Supplementary materials are available at The Journal of Infectious Diseases online. Consisting of data provided by the authors to benefit the reader, the posted materials are not copyedited and are the sole responsibility of the authors, so questions or comments should be addressed to the corresponding author.

Notes

Acknowledgments. We thank Centers for Disease Control and Prevention (CDC)’s core sequencing facility (Atlanta, GA) and partners at the Maryland or Washington public health laboratories, which are both part of the Antibiotic Resistance Laboratory Network (ARLN). We also thank the Gonococcal Isolate Surveillance Project (GISP) for the contribution of isolate and epidemiologic data used in our analyses. We thank Steve Johnson for his insightful discussion regarding mosaic PBP2 sequences.
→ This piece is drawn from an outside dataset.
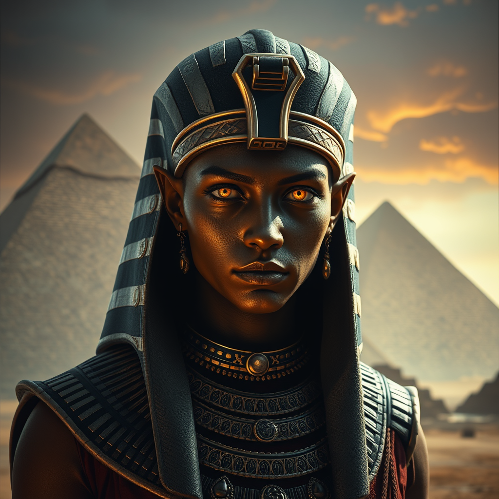 A highly detailed and mysterious Egyptian figure with luminous, captivating eyes stands before the backdrop of ancient pyramids, capturing a sense of enigma and wonder. The setting is bathed in cinematic lighting that accentuates the intricate skindentation and ornate details of the figure’s attire. The scene is a photorealistic masterpiece, evoking the grandeur and mystique of ancient Egypt. Despite the allure, there is an unconventional touch in the composition—subtle imperfections reminiscent of a painting by an artist known for unique, distorted perceptions. This artistic choice adds an unexpected dimension, blending realism with an abstract twist to create a truly captivating visual experience.

Neisseria gonorrhoeae Working Group members: Hillard Weinstock (CDC, Division of STD Prevention, National Center for HIV/AIDs, Viral Hepatitis, STD, and TB Prevention), Catherine Dominguez (Maryland ARLN, Maryland Department of Health), Sopheay Hun (Washington ARLN, Washington State Department of Health), and Katie Kneupper (Texas ARLN, Texas Department of State Health Services).

Disclaimer. The findings and conclusions in this report are those of the authors and do not necessarily represent the official position of the CDC, the Department of Veterans Affairs, or the National Institutes of Health.
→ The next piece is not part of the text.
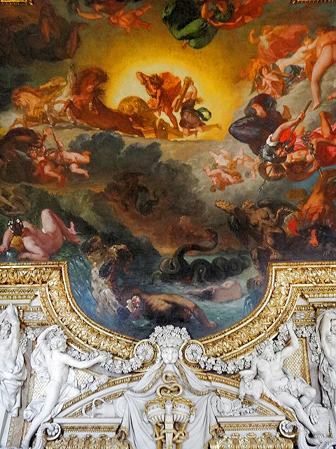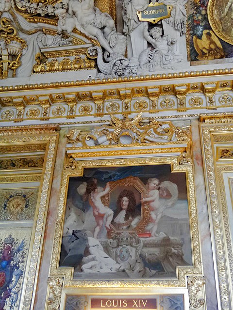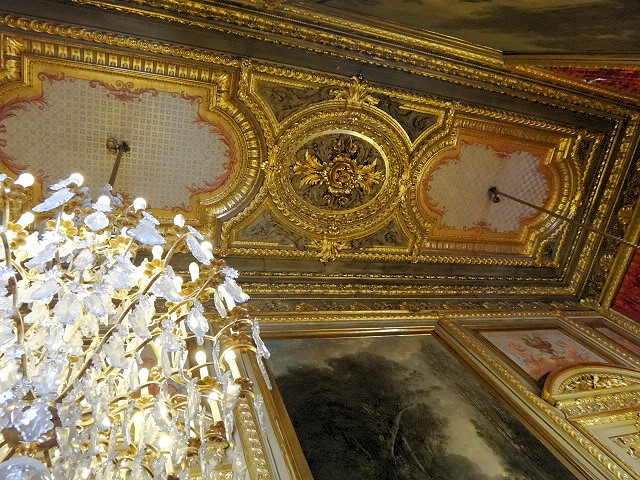 フランス王家の宝飾品が展示されています。天井もゴージャスやわぁ〜 |

Financial support. This work was supported by the Centers for Disease Control and Prevention (CDC) Advanced Molecular Detection and Combating Antibiotic Resistant Bacteria programs (J. C. T., S. S., A. J. A., J. C., S. L., E. V., M. S., C. D. P., K. M. G., and E. N. K.) and an Intergovernmental Personnel Act (W. M. S.); US Department of Energy and CDC Research Participation Program administered by the Oak Ridge Institute for Science and Education (J. C. T, S. S., J. C., S. L., and E. V.); National Institutes of Health (grant number R37AI21150-33) awarded to W. M. S.; and the Biomedical Laboratory Research and Development Service of the US Department of Veterans Affairs (Senior Research Career Scientist Award to W. M. S.).

Potential conflicts of interest. All authors: No reported conflicts. All authors have submitted the ICMJE Form for Disclosure of Potential Conflicts of Interest. Conflicts that the editors consider relevant to the content of the manuscript have been disclosed.